The wife of missing Laotian activist Sombath Somphone says his abductors still enjoy impunity two years after his disappearance - an ugly reality across a region where powerful business interests and murky state actors stand accused of routinely "disappea
Sombath disappeared from the streets of the capital of Laos, Vientiane, after he was pulled over at a police checkpoint.
The disappearances continue in the region: from a Cambodian teenager last seen covered in blood during a labour protest, to an ethnic minority activist who vanished in Thailand after confronting national park officials.
The case of Sombath – an award-winning champion of sustainable development but one who avoided direct confrontation – horrified civil society in Laos, a one-party communist state slowly emerging from decades of isolation.
His disappearance on December 15, 2012 stood out partly because the evidence pointing to abduction was so compelling – and also because a stream of international figures called for his safe return including Hillary Clinton, John Kerry and Desmond Tutu.
“The crime of disappearance is particularly cruel,” Sombath’s wife Ng Shui-Meng, a soft-spoken Singaporean who lived in Laos with him, told AFP in Bangkok. “It's very difficult to live with the unknown.”
There are no hard numbers. But dozens – and likely hundreds – of people have vanished across Southeast Asia in the past two decades, often after coming up against local business, criminal or political interests.
In Thailand, there are at least 81 open cases of enforced disappearance dating back as far the mid-1990s, according to Angkhana Neelapaijit from the Asian Federation Against Involuntary Disappearances.
Few cases make headlines
Others have been killed, apparently silenced in retribution for their work to raise community grievances including two activists shot dead last week in Thailand.
In the Philippines, relatives of 58 people killed five years ago in the country’s worst political massacre are still waiting for justice. No one has been convicted and witnesses have been murdered.

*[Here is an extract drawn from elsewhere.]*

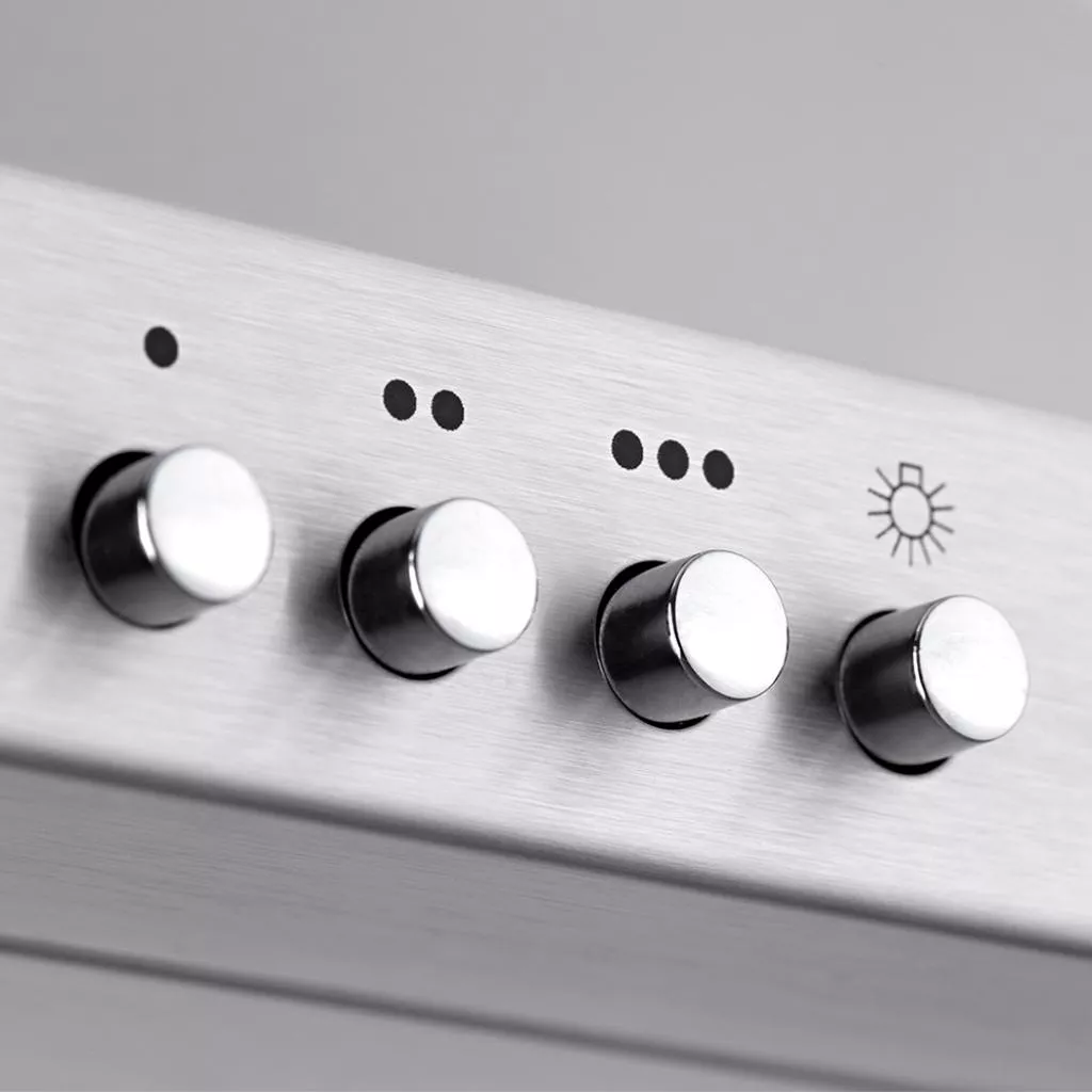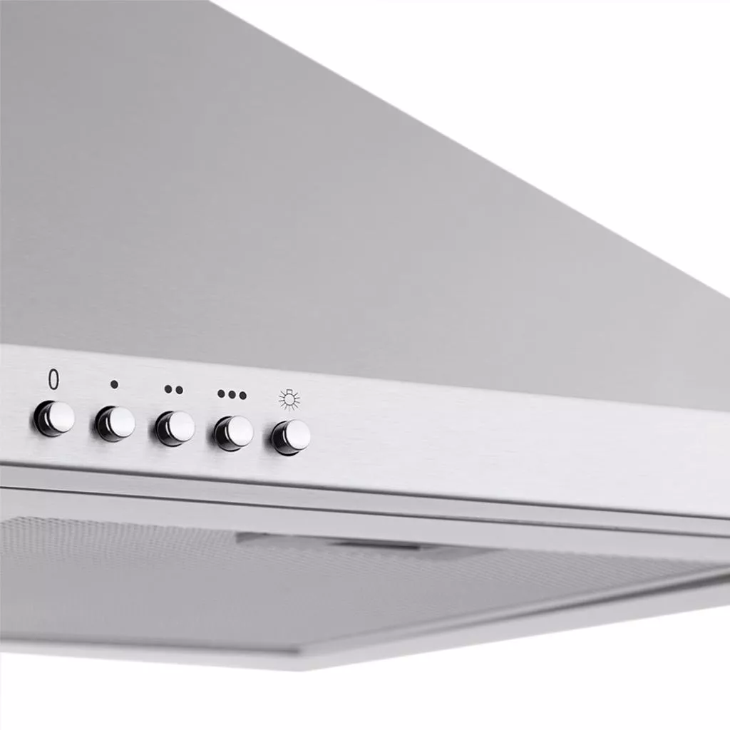 PYRAMIDA KH 60 inox – вытяжка настенного монтажа, имеет купольный тип. Управление механическое, при помощи кнопок, что расположены на панели в передней части вытяжки, вы легко можете выбрать необходимы режим, скорость или степень освещения. За час работы вытяжка может очистить до 700куб.м. воздуха. Учитывая такую производительность, уровень шума достаточно низок и составляет лишь 58 дБ, что не препятствует созданию уюта в вашей кухне. Вытяжка достаточно компактна, ее габариты составляют 59,8-94х60х49,9 см. Для качественного освещения в вытяжку встроены две лампы накаливания, по 40 Вт каждая. Вы тяжка работает в режимах рециркуляции и отвода. Их можно настроить на одну из трех представленных скоростей при помощи кнопочной панели. Модель имеет пятислойный жировой фильтр из алюминия, который качественно очищает воздух в кухне, не оставляя неприятные запахи или же копоть. В режиме рециркуляции вы можете использовать специальные угольные фильтры. Они продаются в сервисных центрах и торговых точках.

Angkhana’s husband Somchai, a human rights lawyer, was last seen being taken into custody by police in Bangkok in March 2004. His fate remains unknown.
“There are many others in the Asia region who have disappeared but their mishaps were never mentioned or received any attention,” she said this week at a news conference in Bangkok.
One case that has largely flown under the international radar is that of Por Cha Lee Rakcharoen, a Karen rights activist also known as Billy, who was apprehended by national park officials in Thailand on April 17, ostensibly for illegal honey gathering.
He was en route to meet fellow ethnic minority Karen villagers to help them file a lawsuit accusing authorities of torching the homes of 20 families in Kaeng Krachan National Park in 2011.
The local park chief says he was the last person to see Billy alive, but a police probe has yet to declare a suspect.
In Cambodia, 16-year-old Khem Sophath has been missing since January 2014, when security forces opened fire on striking garment workers near an industrial park in southwest Phnom Penh, killing four.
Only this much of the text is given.